(Image Source: MSNBC)
BY NOE GANDILLOT
ANCHOR ZACH TOOMBS
The FBI had dubbed it “Operation Ghost Stories”. On Halloween, the Federal Bureau of Investigation released secretly-recorded tapes that show the notorious red-headed beauty Anna Chapman and other Russian spies at work before they got exposed in 2010. Here’s CNN:
“The FBI releases a treasure-trove of videos, photos and heavily-edited documents from Operation Ghost Stories, an undercover peek at our Russian spy ring collected and passed on information. How the FBI trailed them and finally cracked the operation”
The tapes - released in response to a Freedom of Information Act request filed by the Associated Press feature the Russian spies in their daily routine : they are talking in coffee shops or shopping in New York City.
On its website -- the FBI explains that “the arrests of 10 Russian spies last year provided a chilling reminder that espionage on U.S. soil did not disappear when the Cold War ended.”
TIME agrees the operation is reminiscent of the Soviet era and should be taken as a serious warning by American authorities.
“The busted Russian spy ring (...) sent a clear message to U.S. intelligence agencies that Russian espionage was still alive and well, decades after the death of Cold War hostilities. The fact remains that the United States holds a wealth of knowledge that espionage endeavors the world over hope to infiltrate."
NBC, however, says the threat can hardly be taken seriously given the very unprofessional nature of the spies’ work - and prefers to joke about it.

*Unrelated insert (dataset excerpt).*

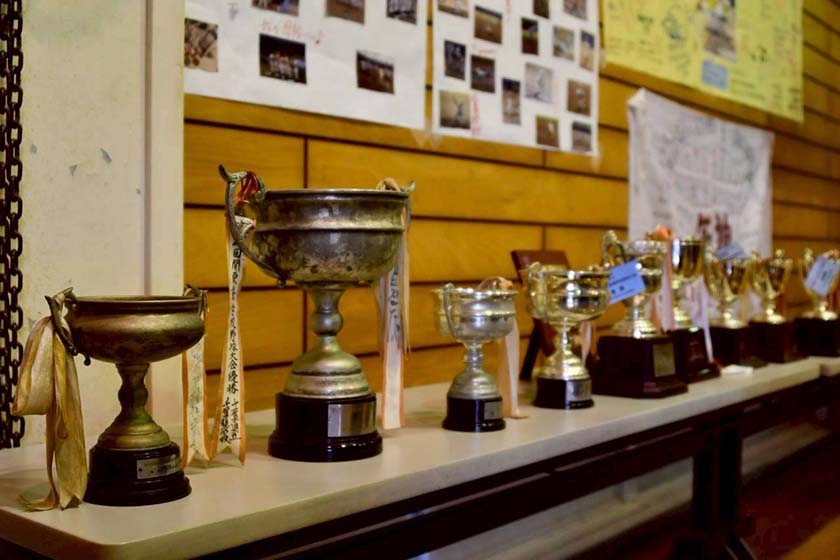 閉部式が行われた同校体育館には、生徒、職員を含め、OB・OGや保護者、関係者ら150名ほどが集った。歴代の優勝カップや寄せ書き、写真などが並べられた一角では、来場者の思い出話に花が咲いていた。OBの榊原敏博さんは、昭和42年第16回関東聾大会で初優勝を果たしたメンバー。リボンの色があせた当時の優勝カップを手に、記念撮影をしていた。「なつかしく、いろいろなことを思い出しています」。榊原さんにカメラを向けるのは、平成6年卒業の山中正和さん。長男の彪太郎さんは野球部最後のメンバーの一人で、親子して関東聾の優勝経験がある。「本当にさみしい」と悔しさをにじませた。
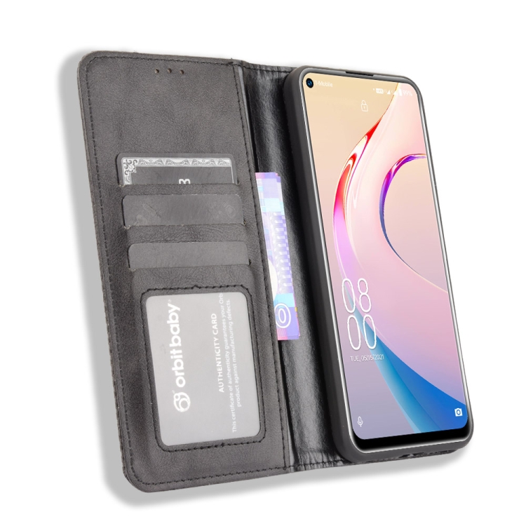 Funda de Cuero para Oukitel C21 Pro con Hebilla Magnética, Soporte, Ranuras y Marco de Fotos (Negro)

“It seriously does seem like a James Bond movie, a really, really bad one. (...) If it seems kind of low-tech - guess what : for all their efforts, they never actually uncovered any secret, or anything much at all. ‘It just shows me amateurish type of espionage’”
A former KGB officer and journalist agrees saying there is nothing here that American counter-intelligence services can’t handle. He told The Daily Mail:
“Russia's intelligence services seem unable to shake their Soviet-era habits. (...)'The current practice of the Russian espionage agency is based on the practices which existed before 1945. It's so outdated.”